The jury is still out on this incredibly bold, creative, life-giving and perhaps reckless decision.
What is for sure is that, using the Tradition-Individual Talent Model, the Bush Doctrine fits in on the side of both: both Tradition and the Individual Talent were--and are still--at play.
There is, first of all, in history, Western and World History, a Tradition of the surprise attack, so to speak. On 9/11, we were at the receiving end of one such brilliant surprise attack. And a very successful surprise attack it was. Its purpose was, in part, to educate. In this regard, it has succeeded. Many of us who cared little for "foreign policy" are now alert, watchful, studious, intense, learning more every single day. Thank you, Mr. bin Laden.
President Bush's response in Iraq was arguably another sort of tit-for-tat "surprise attack." We had done nothing to Atta (but we had) and he attacked us; Saddam had done nothing to us (but he had) and we hit him in return. Arguably, another surprise attack, even though it was partly on television around the world. (And that brings up the decisive problem for our security here, now.)
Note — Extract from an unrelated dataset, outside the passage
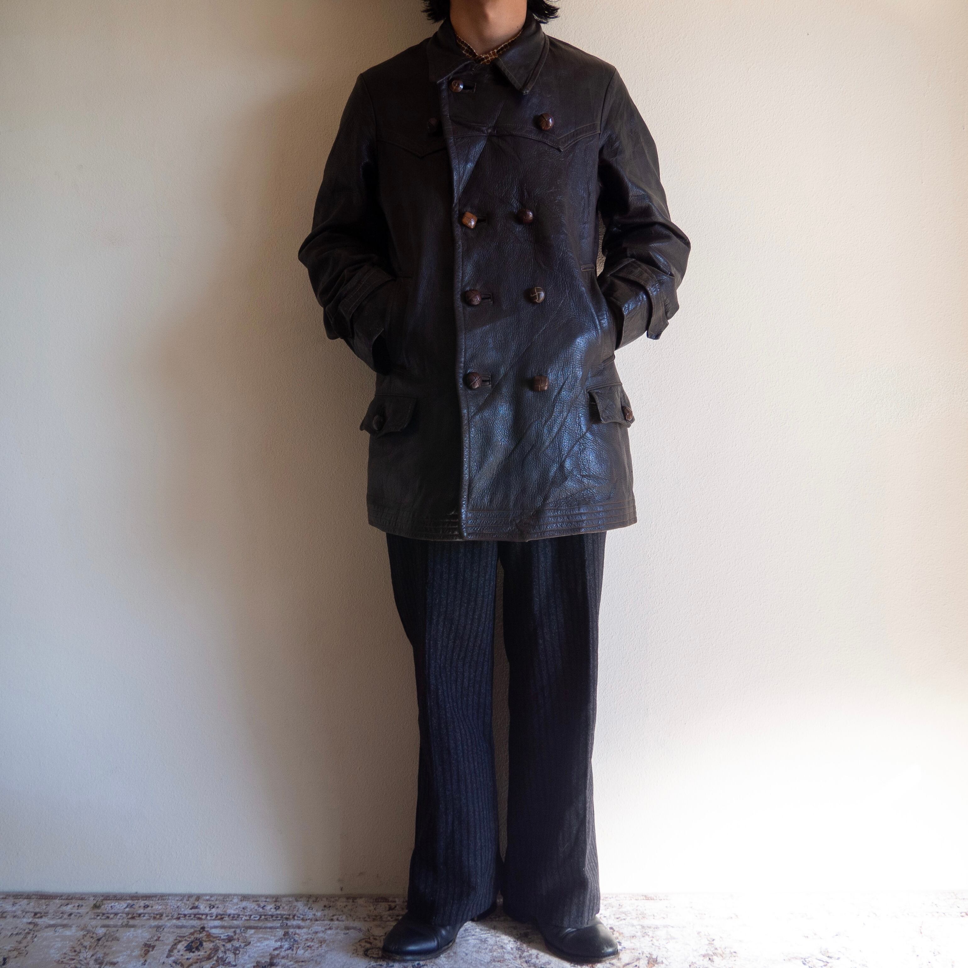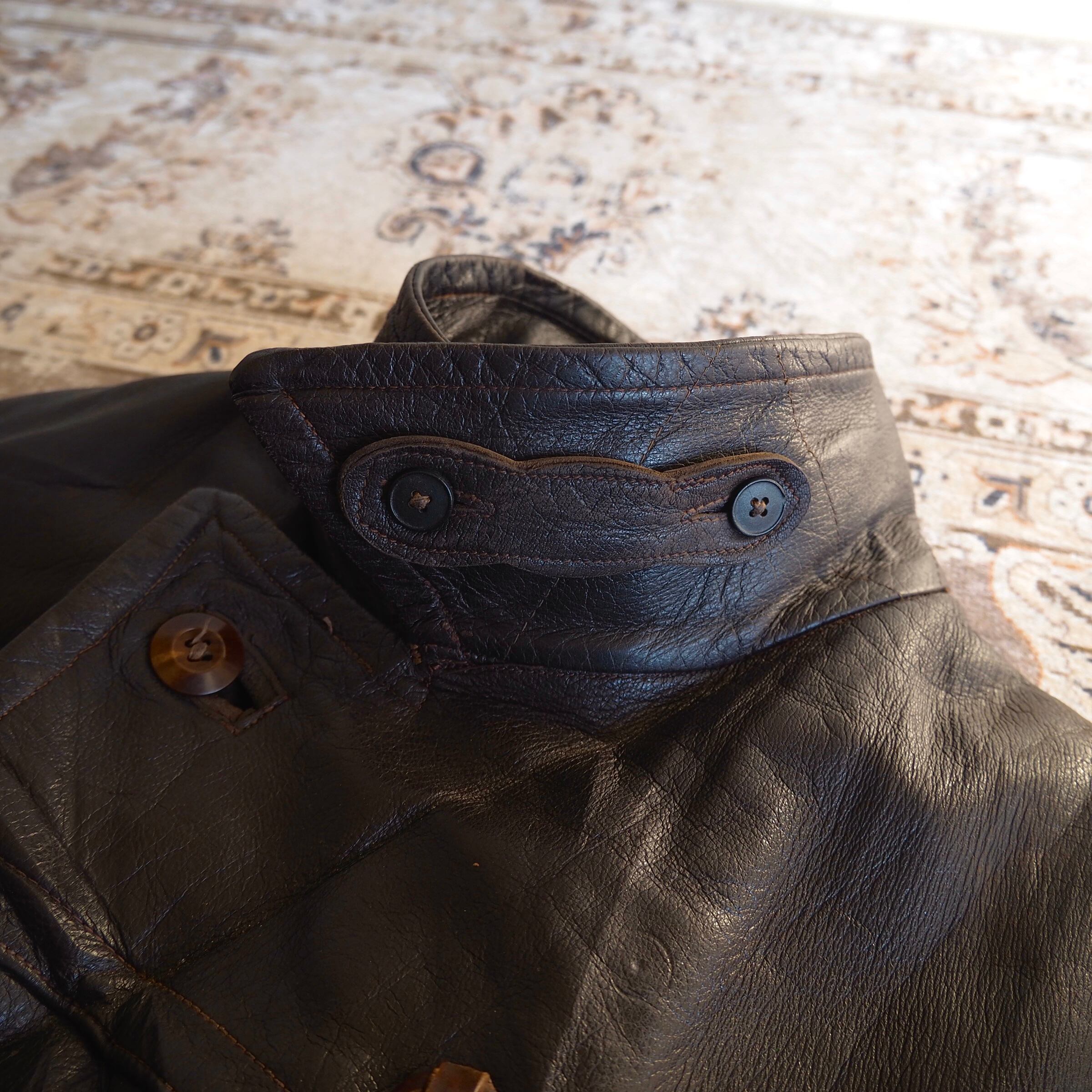 デザイン性のためか、機能性のためか、襟、胸、腕、脇、アーム、ポケット、左右バックヨークとあらゆる部位で生地を切り替える贅沢ぶり。物資不足の当時、レザーは非常に希少であったはずでしょうから、如何に当ジャケットが手の込んだ仕様であるかが窺えますね。

The Creativity of the Bush Doctrine, like all creativity, has been dangerous in its abusive aspects. Our own security here at home is at risk, arguably moreso than if we had focussed, really focussed, on getting Mr. bin Laden. Today the certified experts on radical, extremist, suicide-murdering Islam disagree on just how safe we are here at home. The next two months will be telling. The question now is, Is Woodrow Wilson turning over in his grave? Has the project of converting the Middle East to democracy failed? Or how about Churchill himself? Is he turning over in his grave?
These are questions. I hope they have been delightful and instructive if not creative?